*** Opening of Material for this task ***
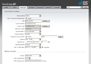 11) На месте входим в админку (не забудьте, стандартный пароль вы должны были сменить) антенны и идём на вкладку Wireless и в поле SSID прописываем имя сети которое мы задали в шаге номер 8. Wireless mode устанавливаем как Station (по умолчанию). Ширину канала (Channel Width) выбираем такую же как и на точке доступа. Нажимаем на кнопку Change, а после этого Apply.
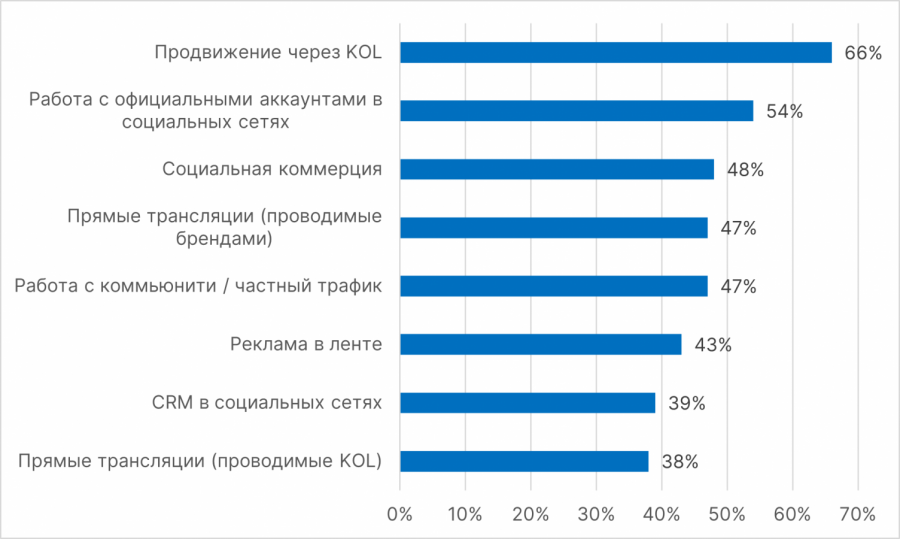 Что касается социального маркетинга, то по результатам опроса, проведённого Miaozhen Systems и China Advertising Association, наиболее популярными форматами выступили: работа с KOL , ведение аккаунтов в соцсетях, социальная коммерция, а также форматы, которые были отмечены выше — лайвстримы и работа с частным трафиком.
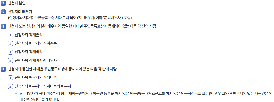 – 노부모 부양, 장애인, 다자녀가구, 국가유공자, 영구임대주택 입주자 중 자격상실자, 비닐간이공작물 거주자, 신혼부부, 사업지구 철거민, 무허가 건축물 등에 입주한 세입자 등
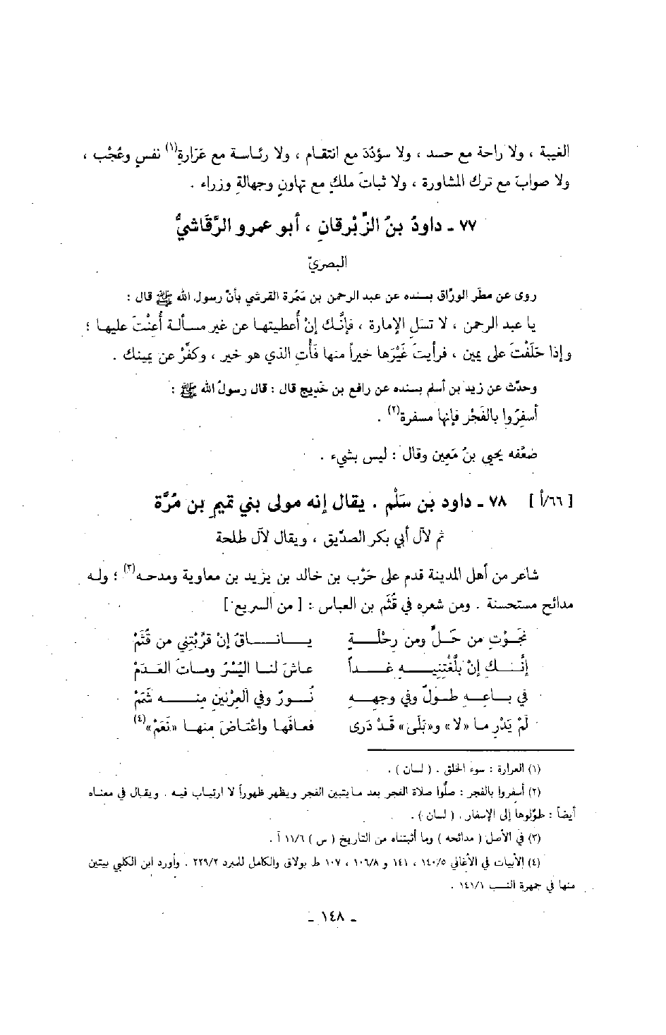 الرقاشي البصري روى عن مطر الوراق بسنده عن عبد الرحمن بن سمرة القرشي بأن رسول الله صَلَّى اللهُ عَلَيْهِ وَسَلَّمَ قال: يا عبد الرحمن، لا تسل الإمارة، فإنك إن أعطيتها عن غير مسألة أعنت عليها؛ وإذا حلفت على يمين، فرأيت غيرها خيراً منها فأت الذي هو خير، وكفر عن يمينك.
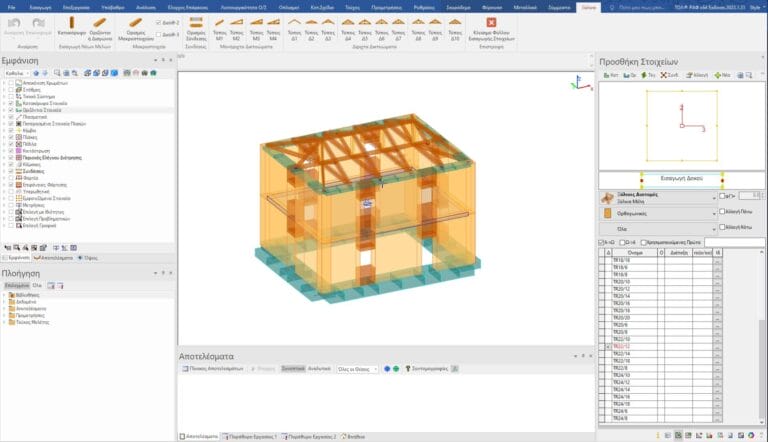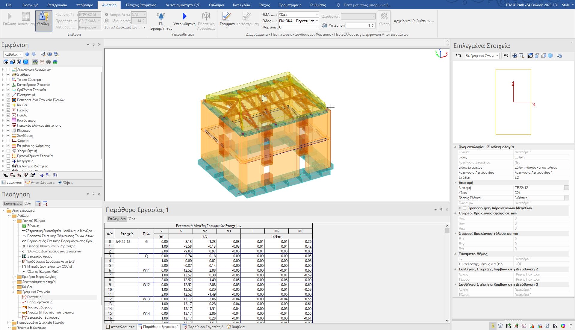 Η ανάλυση μίας ξύλινης τετράριχτης στέγης πάνω σε κτήριο ΦΤ πραγματοποιείται ως ένας ενιαίος φορέας στο ΡΑΦ, λαμβάνοντας υπόψη την αλληλεπίδραση των διαφορετικών υλικών και στη συνέχεια πραγματοποιώντας όλους τους απαραίτητους ελέγχους επάρκειας που ορίζουν οι κανονισμοί για τη δομική ξυλεία και τη φέρουσα τοιχοποιία.
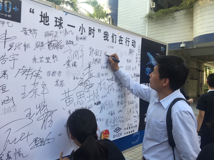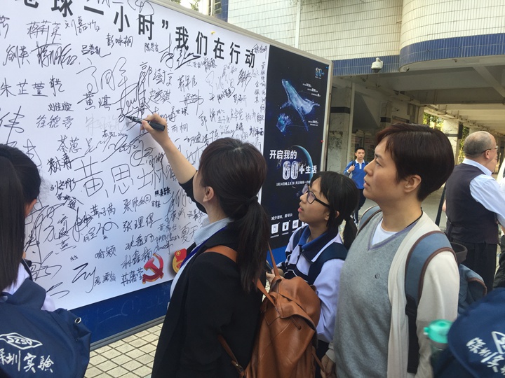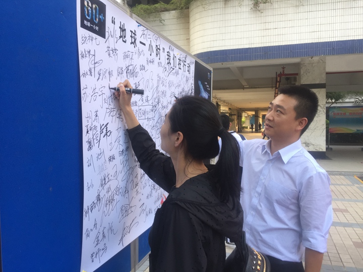 团委、学生会的成员身穿义工服以及“地球一小时”活动服装,向师生、家长宣传、传递着环保理念。中学部党员老师积极参与此次活动,并在签名版上写下自己的姓名和愿望,表达参与维护地球行动的意愿。中学部党员刘春风老师现场向学生讲解宣传“地球一小时”活动的意义,倡导爱护环境、绿色出行的理念;学生及在场的家长也积极参与,为环保贡献一份力量。现场气氛热烈,环保理念在布满签名的板上体现得淋漓尽致,每一个签名都代表着师生、家长对地球-——我们的家园的关心与呵护。
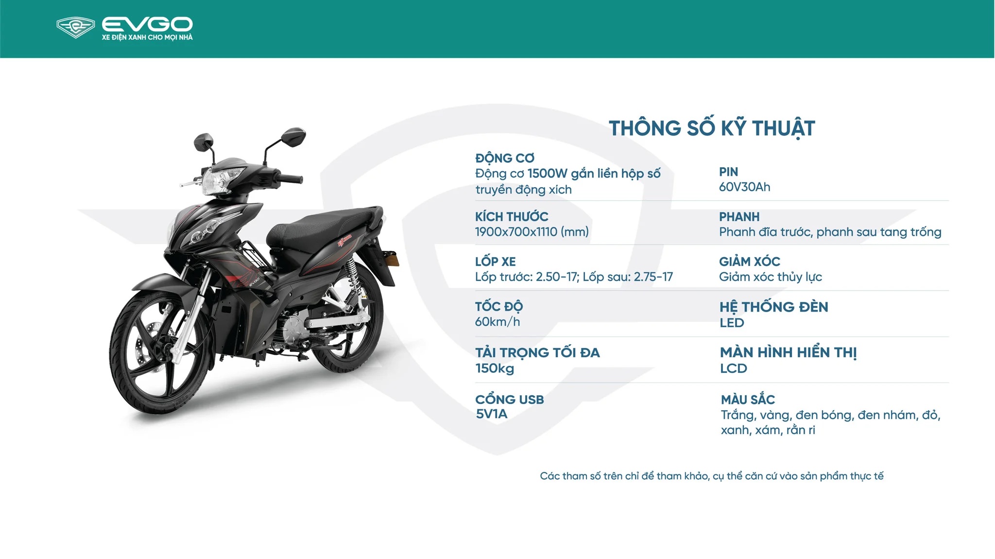 GIÁ XE NIÊM YẾT: 28,500,000 VNĐ - GIÁ XE CHƯA BAO GỒM PIN Đặt cọc xe trị giá 5Trđ + Miễn phí giao hàng + Tặng kèm Mũ bảo hiểm & áo phông EVGO. Nhận xe trong tháng 8/2023. Liên hệ: XE MÁY ĐIỆN EVGO để biết thêm thông tin chi tiết.
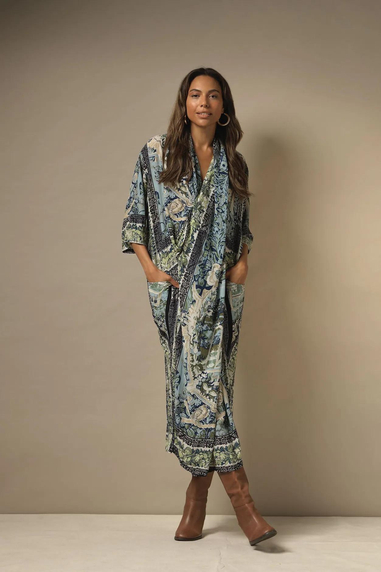 This Cowl Neck, V-Line Dress Features A Pin Tuck Front, And Pockets And Can Be Styled Loose Or Worn With A Belt To Create A Beautiful Silhouette.
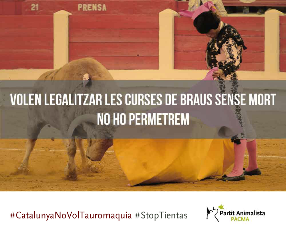 En un comunicat, el partit animalista diu que pretenen canviar la legislació “per la porta del darrera” a l’esquena dels ciutadans “que va manifestar el seu rebuig a les curses de braus en l’any 2010”. Segons PACMA es tracta d’un pas enrere en relació a la legislació vigent de la tauromàquia a Catalunya “pionera en protecció animal i que no pot permetre la tornada de les curses de braus”, encara que siguin “tentes” (proves pensades per testejar els vedells que posteriorment seran venuts per a la pràctica de les curses de braus.). Unes pràctiques que “encara que no suposin la mort dels animals impliquen patiment físic i psicològic” i, asseguren, “són un tipus d’espectacles lucratius que es duen a terme a les Terres de l’Ebre, generant benefici econòmic a ramaders i al mateix govern”. Desde PACMA exigeixen als parlamentaris que “per coherència, posin fi a tots els espectacles taurins, “tentes” i correbous”.
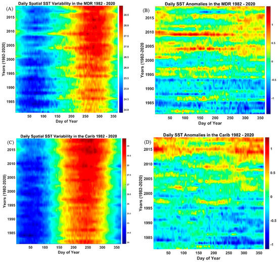 (A,C) Regional daily SST averages and (B,D) anomalies during the LRS for the MDR, the Caribbean, and the surrounding region. The x-axis represents Julian Days, and the y-axis represents 1982–2020. The color bar is SST in degrees Celsius. The daily anomalies were produced using the 39-year average (1982–2020) SST for each day of the year as the baseline.
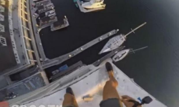 Αυτή τη φορά ο τύπος που αποκαλεί τον εαυτό του επαγγελματία έπεσε από ένα κτήριο 8 πατωμάτων, το οποίο βρισκόταν πάνω από το λιμάνι Newport στην παραλία Newport της Καλιφόρνια και προσγειώθηκε στο νερό. Αν ήταν επικίνδυνο; Δες και κρίνε.
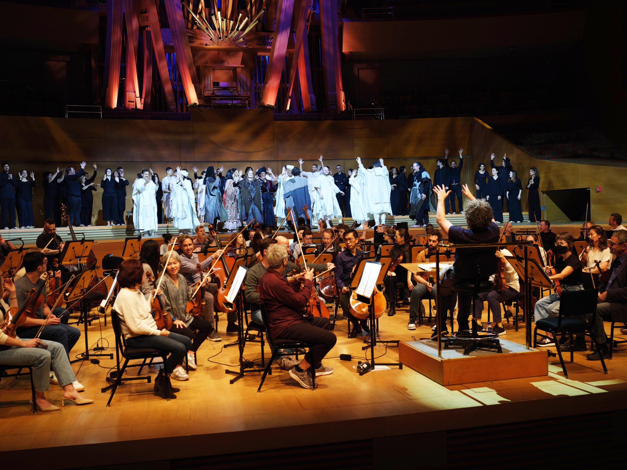 Gustavo Dudamel: You have to understand as a conductor that you are nothing without the musicians that you have in front. So, everything starts from admiration and respect. When you really put that first and then you put your knowledge about what you know and what you want to achieve, then it’s the right order of things. And it’s an opportunity. When you are in front of an orchestra is a gift. You know, it’s a gift to have the chance to guide these wonderful musicians that have played with the best conductors. They have developed their careers in the highest level. And you have the opportunity to be in front of them and inspire them. Because at the end the technical things, let’s say, are not difficult, when you have a professional orchestra in front, are not difficult to work with because the orchestras will do in one minute. But how to guide them in a journey of inspiration with music, not only would be charming or beautiful or moving, no, it’s something about that kind of mystery, this mysterious moment that we have every rehearsal and that it gets the real dimension during the performance. This is something that you, you have to know or you have to let this happen in the most natural way. When you force that, then it gets out of context. And I remember that first concert with, with the Philharmonic, with Los Angeles Philharmonic, it was very beautiful because I was at the Hollywood Bowl, and it was really beautiful like this, you know, beautiful with [unclear] and Tchaikovsky. But then my first subscription was that one also in America with the Philharmonic doing L’Atlantida, Bartók, and Rachmaninoff with Fima. And that was beautiful because we were in the right acoustics to work, to do it. And yes, it was a magical moment. I think that moment was kind of the moment that started the possibility for me to be music director there.
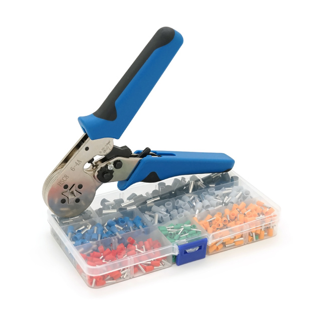 Кримпер HCS8 6-4A для обжима кабельного наконечника, Black-blue, набор кабельных наконечников (VE0508,VE7508,VE1008,VE1508,VE2508,VE4009,VE6102)
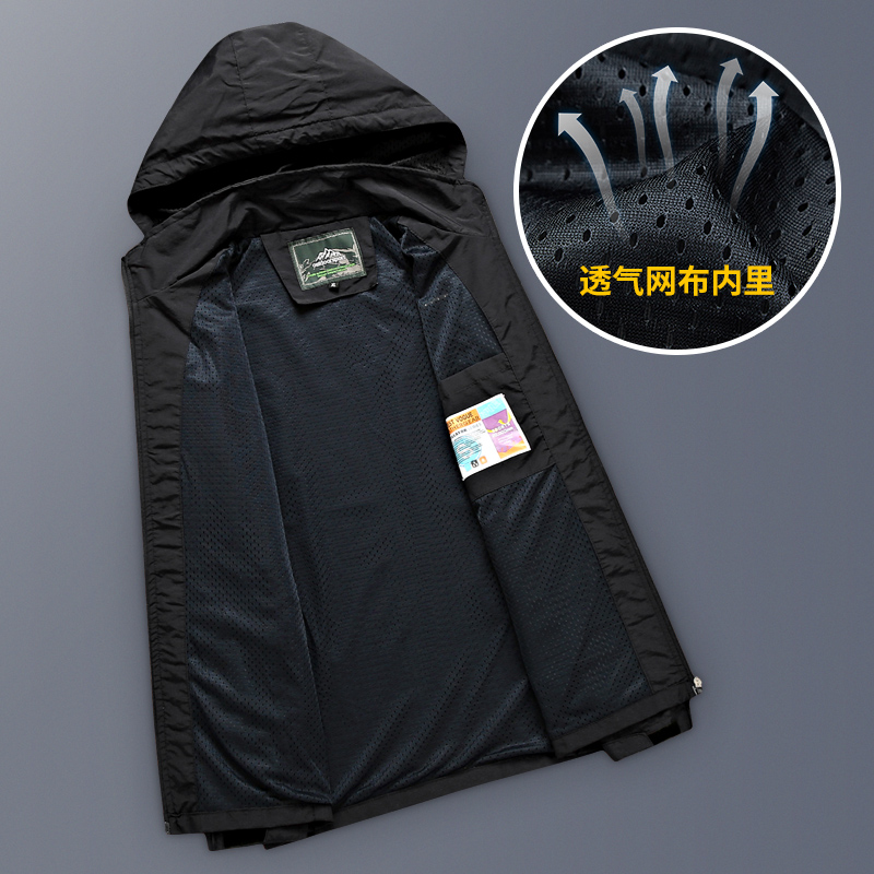 Charge clothing men's popular logo waterproof windbreaker spring and autumn single layer thin coat outdoor men's rainproof breathable mountaineering clothing
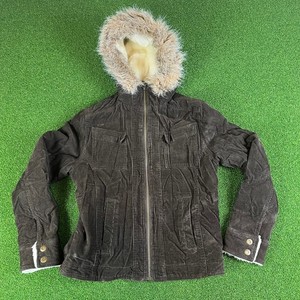 Magellan Women’s L Corduroy Sherpa Lined Hooded Winter Jacket Brown Fur Trim
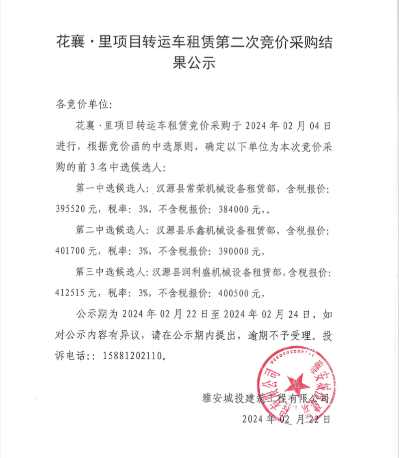 花襄·里項目轉運車租賃第二次競價采購結果公示
*** Close of Material for this task ***
#### [Your instructions]
Nothing but the lines from the line with "Charge clothing men's" through the last line of the data above should be printed, exactly as written and without pictures.

#### [Result]
 Charge clothing men's popular logo waterproof windbreaker spring and autumn single layer thin coat outdoor men's rainproof breathable mountaineering clothing
 Magellan Women’s L Corduroy Sherpa Lined Hooded Winter Jacket Brown Fur Trim
 花襄·里項目轉運車租賃第二次競價采購結果公示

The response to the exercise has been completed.